Leave out every picture and set down, exactly, the lines below from the one holding "かまくら再来のきろく。水族館" up to and including the one holding "(2022.12.31) 송구영신예배 주보 페이지".

§ **Listed entries**:
--------------------
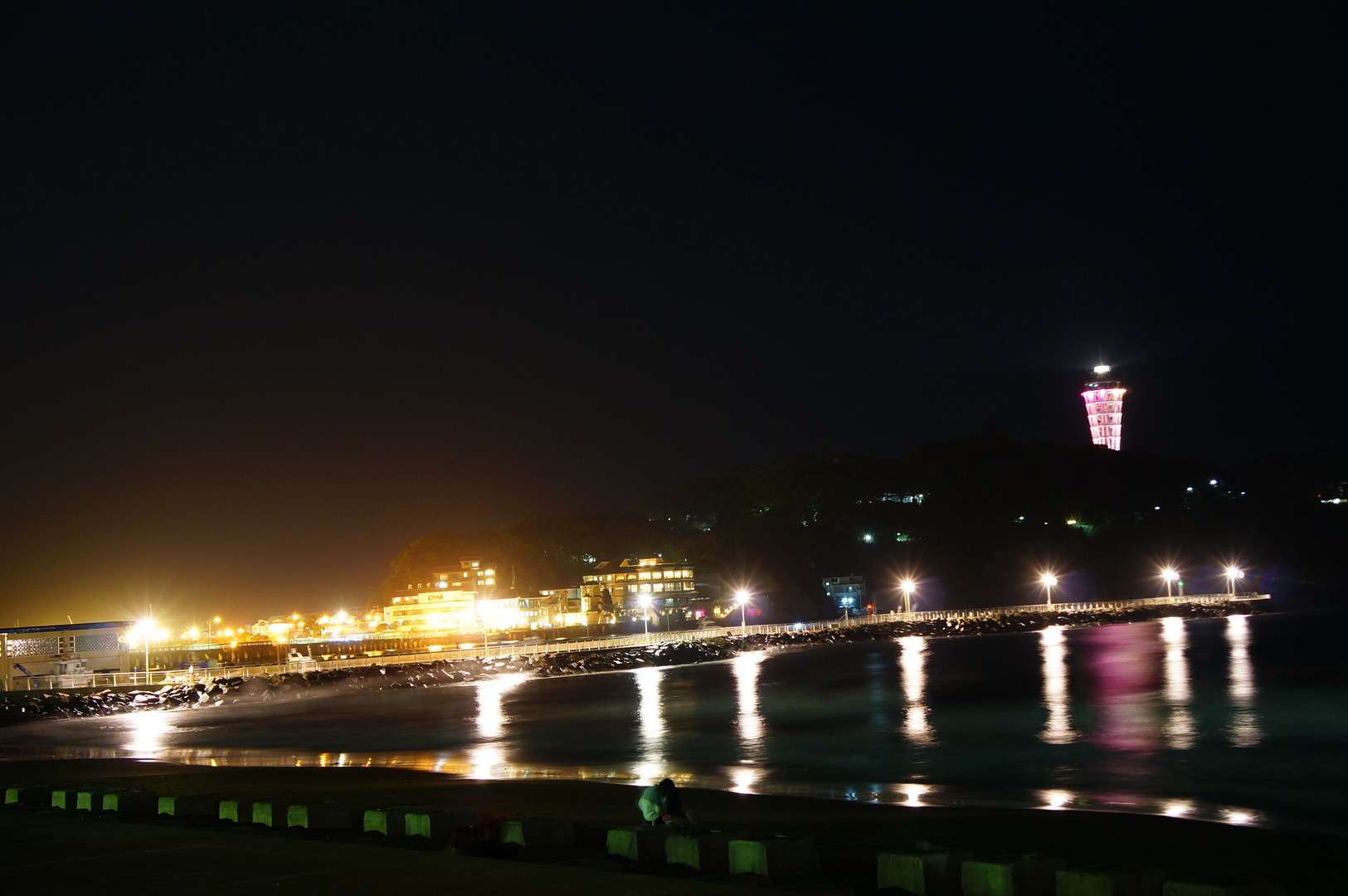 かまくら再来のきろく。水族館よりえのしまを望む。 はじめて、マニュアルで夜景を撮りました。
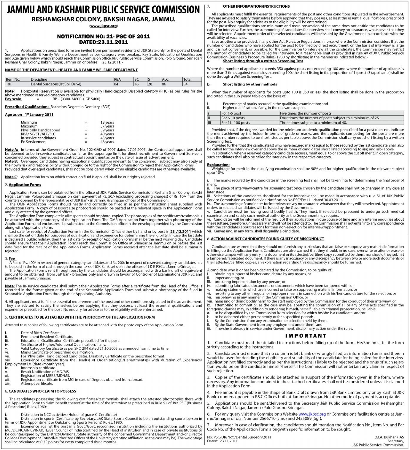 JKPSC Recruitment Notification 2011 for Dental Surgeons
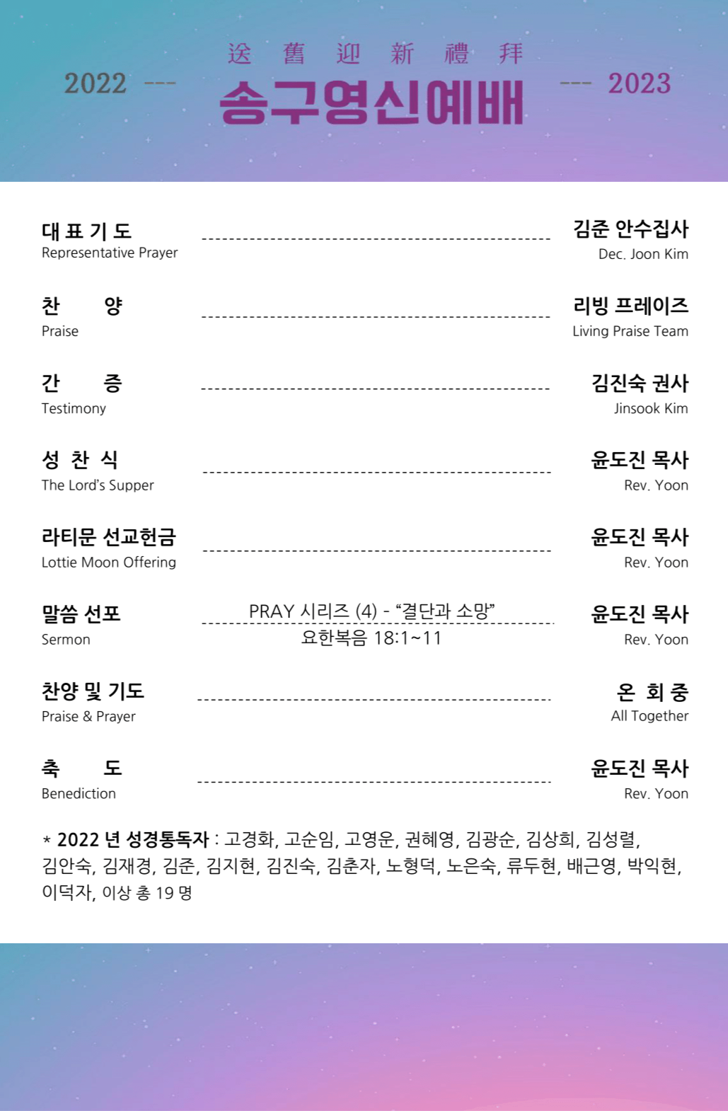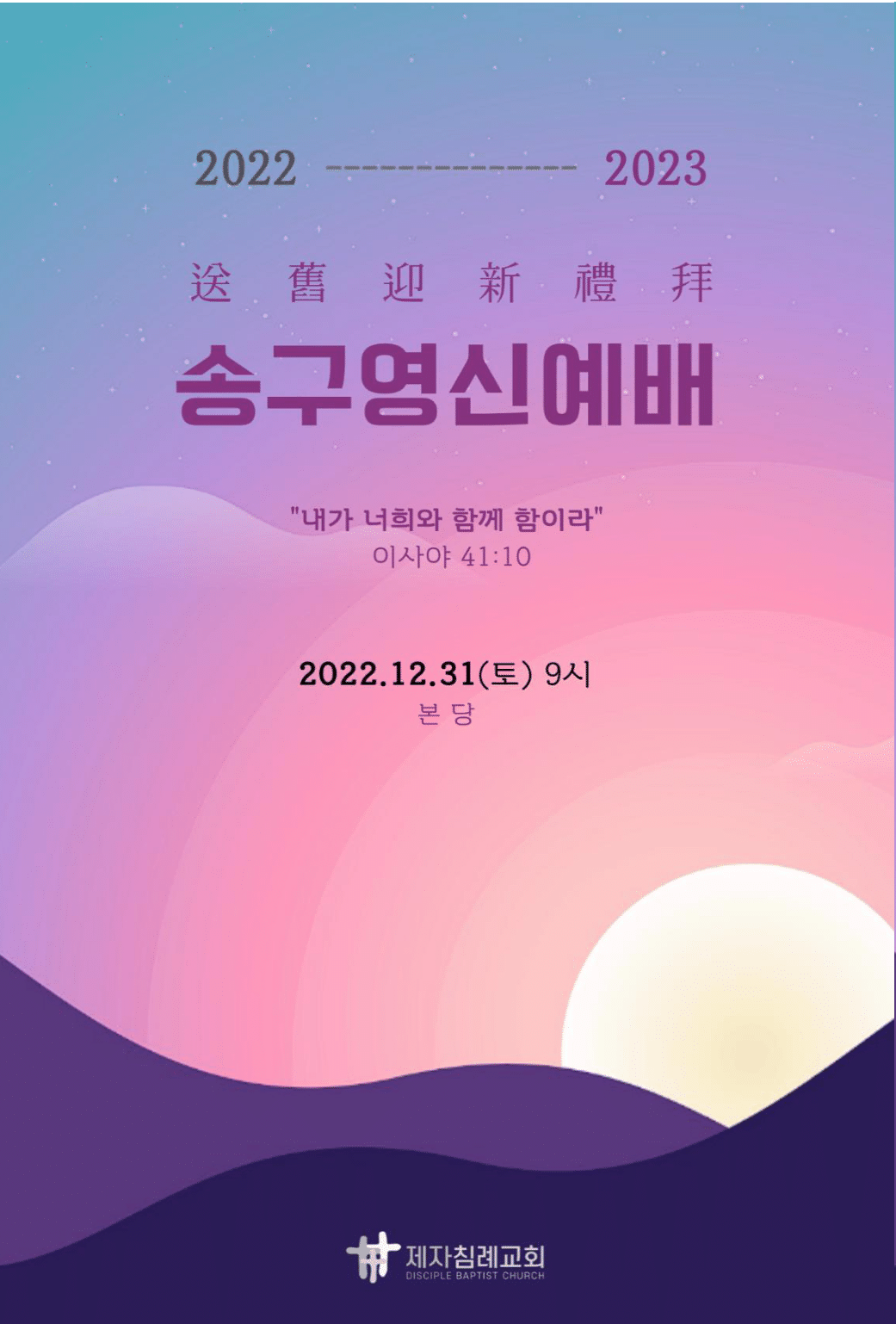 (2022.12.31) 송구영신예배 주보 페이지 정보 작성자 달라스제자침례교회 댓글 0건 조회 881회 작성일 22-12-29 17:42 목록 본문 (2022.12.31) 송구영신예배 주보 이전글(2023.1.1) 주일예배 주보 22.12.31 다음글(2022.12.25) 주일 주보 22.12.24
--------------------
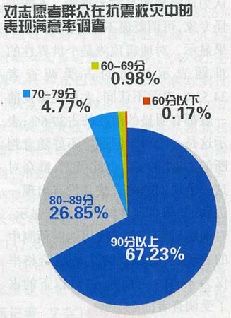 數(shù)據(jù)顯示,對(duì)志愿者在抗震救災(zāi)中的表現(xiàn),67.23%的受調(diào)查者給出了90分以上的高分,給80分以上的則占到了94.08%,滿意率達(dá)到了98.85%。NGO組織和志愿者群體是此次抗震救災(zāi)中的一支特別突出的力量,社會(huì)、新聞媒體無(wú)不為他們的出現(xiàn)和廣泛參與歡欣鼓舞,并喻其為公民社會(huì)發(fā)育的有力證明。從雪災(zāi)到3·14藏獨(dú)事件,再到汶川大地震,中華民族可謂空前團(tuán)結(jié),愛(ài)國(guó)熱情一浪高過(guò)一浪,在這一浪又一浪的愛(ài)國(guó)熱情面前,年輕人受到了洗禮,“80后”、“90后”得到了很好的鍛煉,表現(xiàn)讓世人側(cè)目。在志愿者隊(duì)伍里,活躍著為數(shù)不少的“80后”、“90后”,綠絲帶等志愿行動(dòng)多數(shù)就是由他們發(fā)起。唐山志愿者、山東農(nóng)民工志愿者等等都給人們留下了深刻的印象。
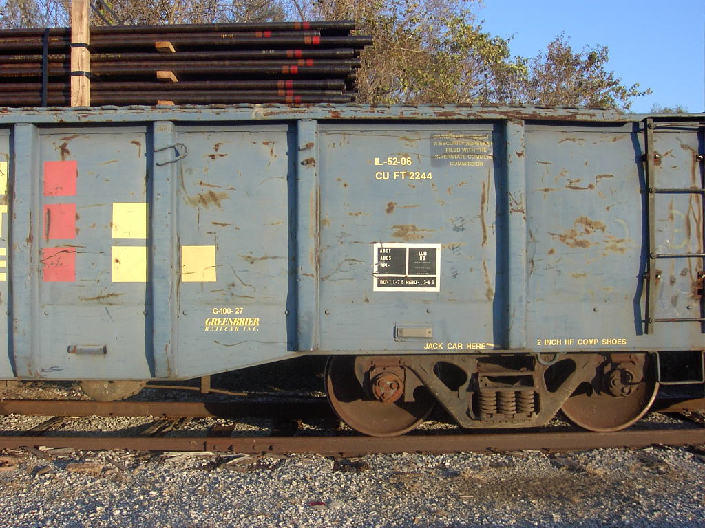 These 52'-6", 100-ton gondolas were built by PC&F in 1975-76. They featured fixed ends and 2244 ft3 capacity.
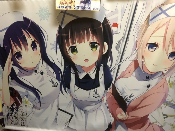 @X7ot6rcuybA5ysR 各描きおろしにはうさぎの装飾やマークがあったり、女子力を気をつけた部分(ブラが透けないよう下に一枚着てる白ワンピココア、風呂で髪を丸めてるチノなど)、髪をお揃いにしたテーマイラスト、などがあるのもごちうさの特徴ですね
--------------------
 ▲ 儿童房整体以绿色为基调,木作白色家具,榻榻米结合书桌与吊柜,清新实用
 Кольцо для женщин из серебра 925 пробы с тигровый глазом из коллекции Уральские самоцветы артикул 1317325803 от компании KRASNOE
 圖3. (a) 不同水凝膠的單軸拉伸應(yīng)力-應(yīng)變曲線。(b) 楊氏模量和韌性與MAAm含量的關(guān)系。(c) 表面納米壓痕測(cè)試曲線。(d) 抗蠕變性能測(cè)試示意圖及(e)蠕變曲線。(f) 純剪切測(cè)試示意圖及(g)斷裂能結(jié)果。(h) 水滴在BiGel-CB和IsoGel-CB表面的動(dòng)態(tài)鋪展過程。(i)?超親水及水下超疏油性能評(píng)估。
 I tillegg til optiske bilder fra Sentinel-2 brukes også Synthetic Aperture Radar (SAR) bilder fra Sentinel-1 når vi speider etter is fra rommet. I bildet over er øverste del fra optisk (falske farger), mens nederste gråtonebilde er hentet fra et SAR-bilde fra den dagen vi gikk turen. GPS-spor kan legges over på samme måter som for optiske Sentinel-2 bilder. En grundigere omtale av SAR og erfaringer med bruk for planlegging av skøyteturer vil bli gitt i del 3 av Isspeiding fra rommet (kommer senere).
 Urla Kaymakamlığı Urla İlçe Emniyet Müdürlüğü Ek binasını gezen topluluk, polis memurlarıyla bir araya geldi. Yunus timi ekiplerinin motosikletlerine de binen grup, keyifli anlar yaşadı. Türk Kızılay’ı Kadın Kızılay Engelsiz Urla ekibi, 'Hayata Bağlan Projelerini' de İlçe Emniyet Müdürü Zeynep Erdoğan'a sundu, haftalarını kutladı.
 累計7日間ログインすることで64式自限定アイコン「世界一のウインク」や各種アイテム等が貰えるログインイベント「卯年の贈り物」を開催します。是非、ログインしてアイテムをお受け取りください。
--------------------
§ **Solution for this task**:
 かまくら再来のきろく。水族館よりえのしまを望む。 はじめて、マニュアルで夜景を撮りました。
 JKPSC Recruitment Notification 2011 for Dental Surgeons
 (2022.12.31) 송구영신예배 주보 페이지 정보 작성자 달라스제자침례교회 댓글 0건 조회 881회 작성일 22-12-29 17:42 목록 본문 (2022.12.31) 송구영신예배 주보 이전글(2023.1.1) 주일예배 주보 22.12.31 다음글(2022.12.25) 주일 주보 22.12.24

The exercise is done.